- _EXERCISE OBJECTIVE_
All that is wanted is the exact text of the lines below from the one with "Painted Youth (German: Geschminkte" through the one with "ネッスーの出展ブースでは、ふ", inclusive, minus any pictures.

- _INPUT FOR THIS TASK_
┌──

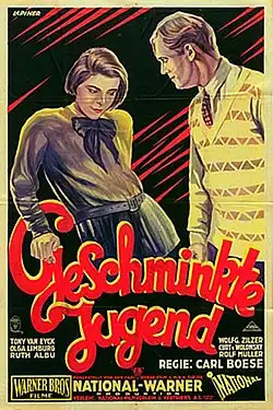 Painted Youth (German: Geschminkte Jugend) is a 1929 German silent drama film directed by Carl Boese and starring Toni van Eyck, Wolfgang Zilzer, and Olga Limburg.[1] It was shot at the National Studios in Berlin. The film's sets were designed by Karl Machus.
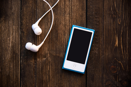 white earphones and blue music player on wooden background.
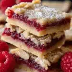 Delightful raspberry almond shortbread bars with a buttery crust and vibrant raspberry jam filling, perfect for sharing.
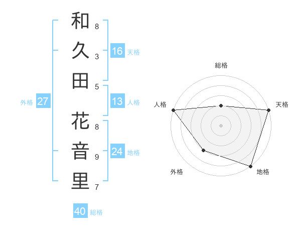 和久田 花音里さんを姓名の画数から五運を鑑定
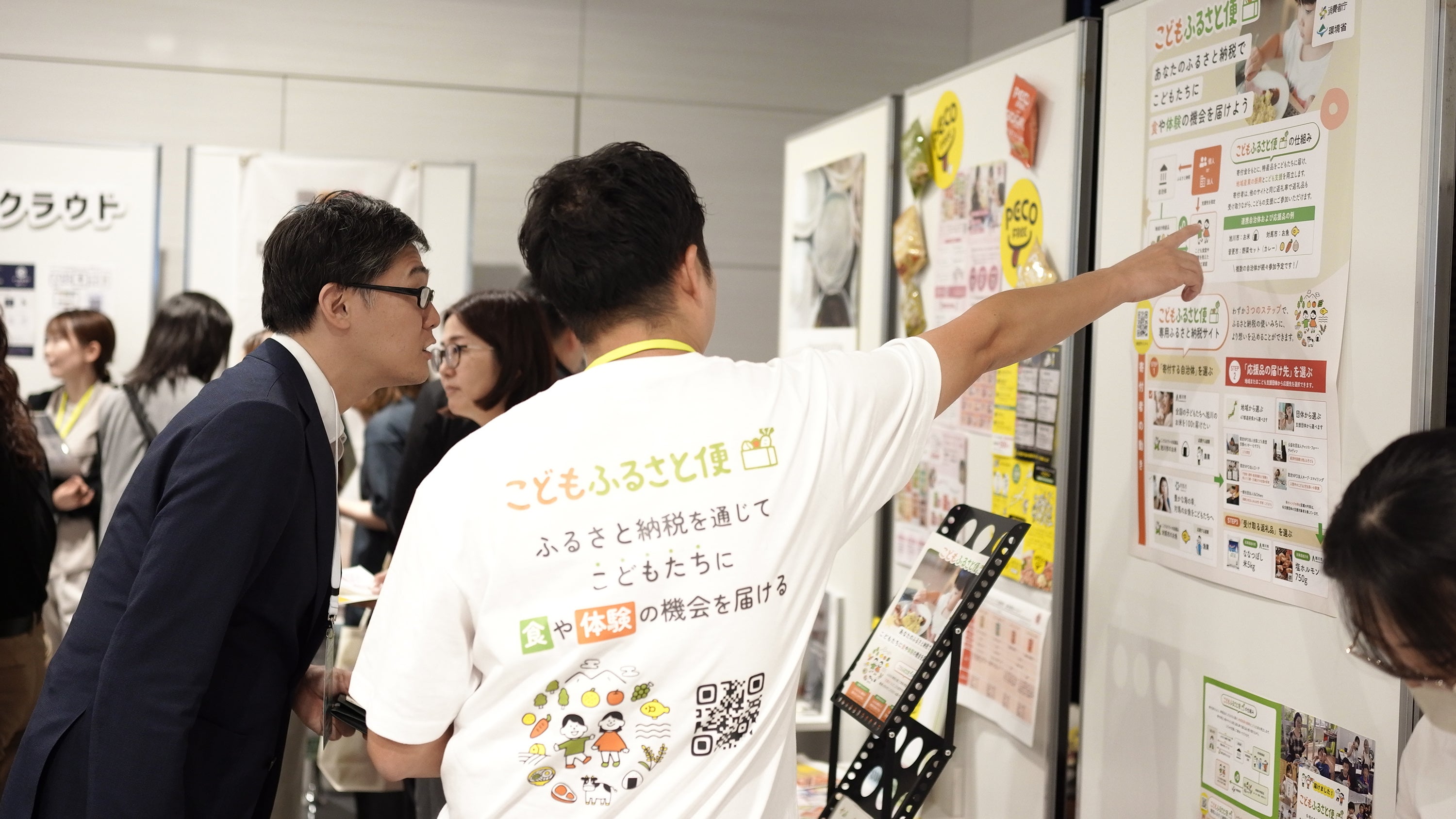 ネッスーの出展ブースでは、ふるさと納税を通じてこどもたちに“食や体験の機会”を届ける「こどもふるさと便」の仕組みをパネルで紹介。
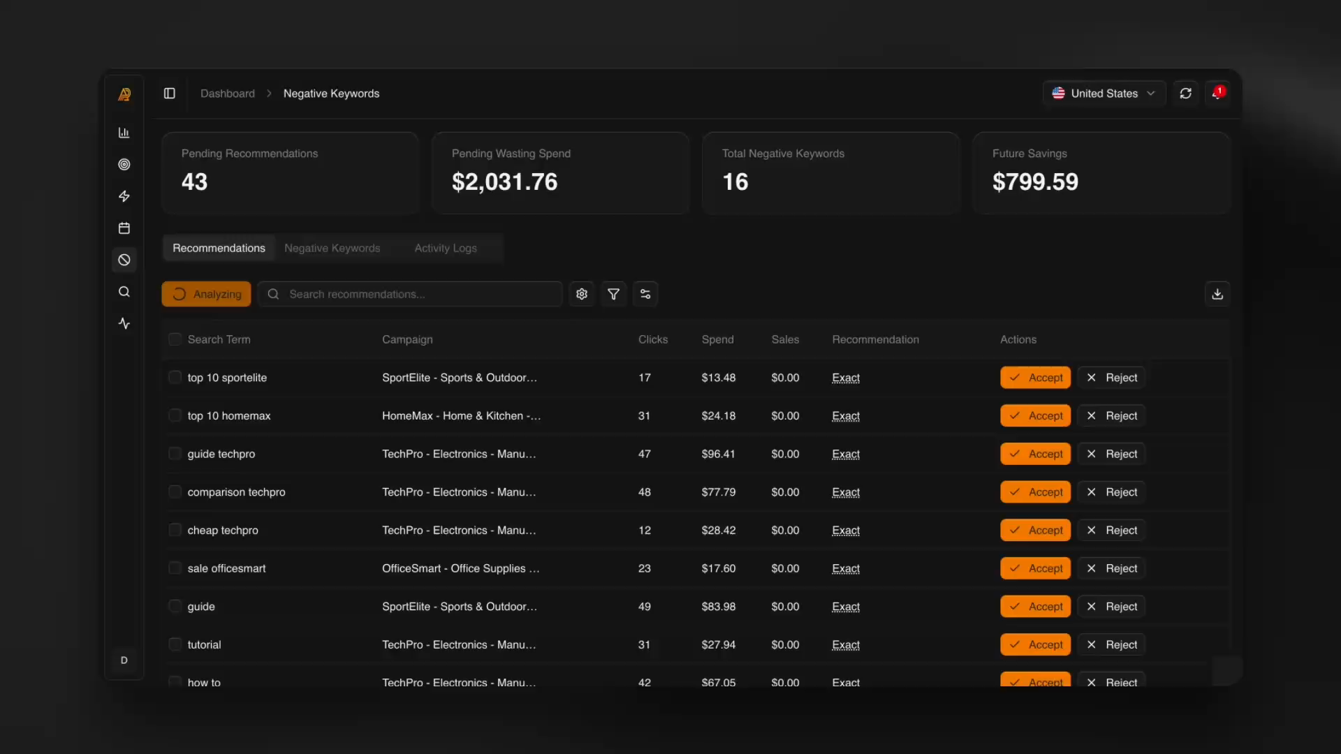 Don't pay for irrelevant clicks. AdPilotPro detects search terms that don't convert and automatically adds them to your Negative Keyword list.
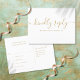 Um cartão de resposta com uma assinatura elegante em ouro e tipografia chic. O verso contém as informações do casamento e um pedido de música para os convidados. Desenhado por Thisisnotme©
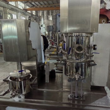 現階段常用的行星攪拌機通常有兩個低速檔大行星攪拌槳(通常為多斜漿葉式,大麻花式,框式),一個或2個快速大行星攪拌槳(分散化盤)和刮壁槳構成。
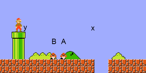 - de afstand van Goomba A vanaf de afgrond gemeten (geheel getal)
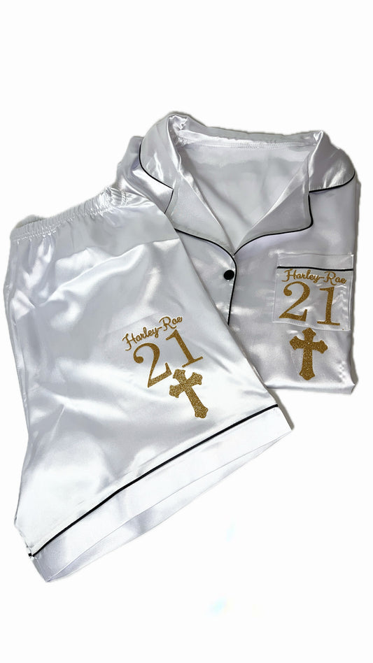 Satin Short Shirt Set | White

└──
┌──

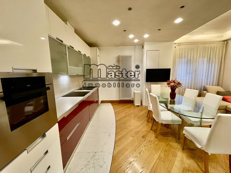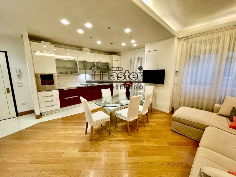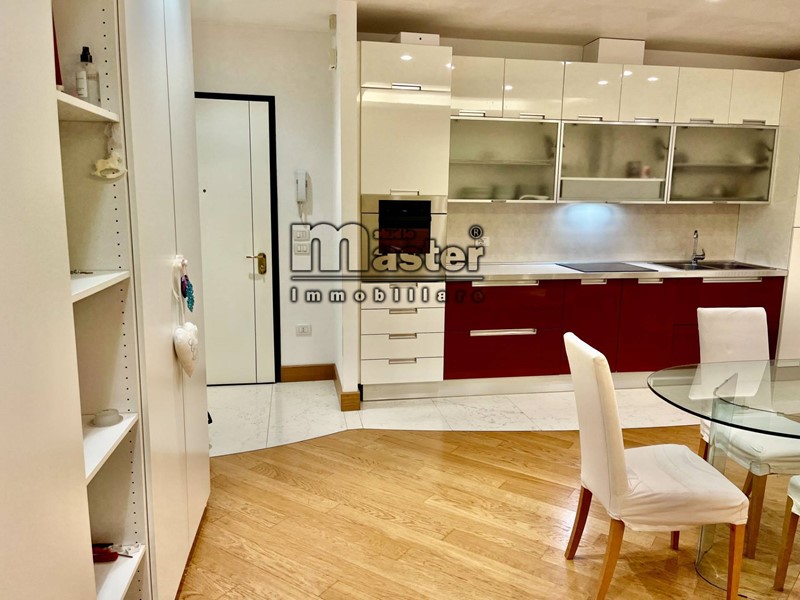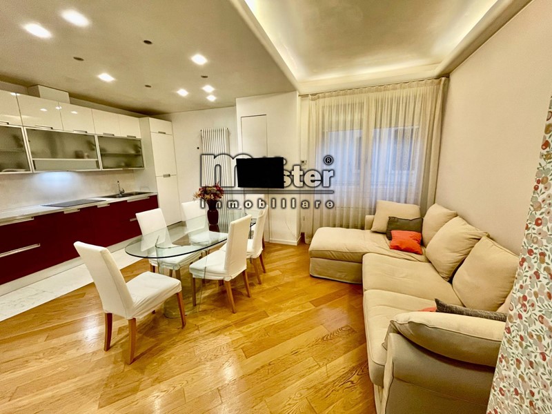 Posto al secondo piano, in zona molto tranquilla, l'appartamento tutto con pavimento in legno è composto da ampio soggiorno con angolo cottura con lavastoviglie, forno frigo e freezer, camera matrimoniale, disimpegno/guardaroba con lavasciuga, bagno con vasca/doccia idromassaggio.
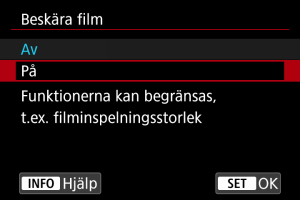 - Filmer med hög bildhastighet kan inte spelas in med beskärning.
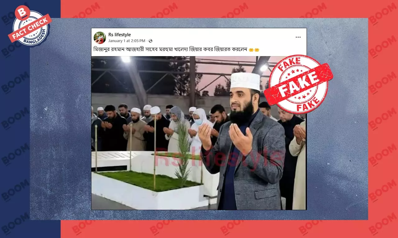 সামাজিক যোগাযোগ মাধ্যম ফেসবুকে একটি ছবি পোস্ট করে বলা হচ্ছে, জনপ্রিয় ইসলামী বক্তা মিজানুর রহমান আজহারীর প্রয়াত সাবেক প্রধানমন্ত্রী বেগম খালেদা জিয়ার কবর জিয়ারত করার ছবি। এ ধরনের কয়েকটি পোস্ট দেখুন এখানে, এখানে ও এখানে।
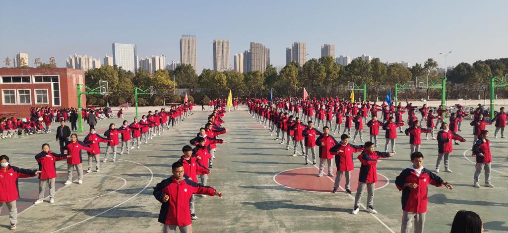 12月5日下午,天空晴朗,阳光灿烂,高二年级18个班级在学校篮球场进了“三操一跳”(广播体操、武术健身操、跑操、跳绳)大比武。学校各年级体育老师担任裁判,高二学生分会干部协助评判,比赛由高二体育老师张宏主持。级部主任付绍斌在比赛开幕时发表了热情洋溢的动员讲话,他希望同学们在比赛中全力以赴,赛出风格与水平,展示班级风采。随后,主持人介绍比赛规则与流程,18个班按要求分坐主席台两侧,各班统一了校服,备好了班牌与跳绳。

└──

- _RESULT FOR THIS TASK_
 Painted Youth (German: Geschminkte Jugend) is a 1929 German silent drama film directed by Carl Boese and starring Toni van Eyck, Wolfgang Zilzer, and Olga Limburg.[1] It was shot at the National Studios in Berlin. The film's sets were designed by Karl Machus.
 white earphones and blue music player on wooden background.
 Delightful raspberry almond shortbread bars with a buttery crust and vibrant raspberry jam filling, perfect for sharing.
 和久田 花音里さんを姓名の画数から五運を鑑定
 ネッスーの出展ブースでは、ふるさと納税を通じてこどもたちに“食や体験の機会”を届ける「こどもふるさと便」の仕組みをパネルで紹介。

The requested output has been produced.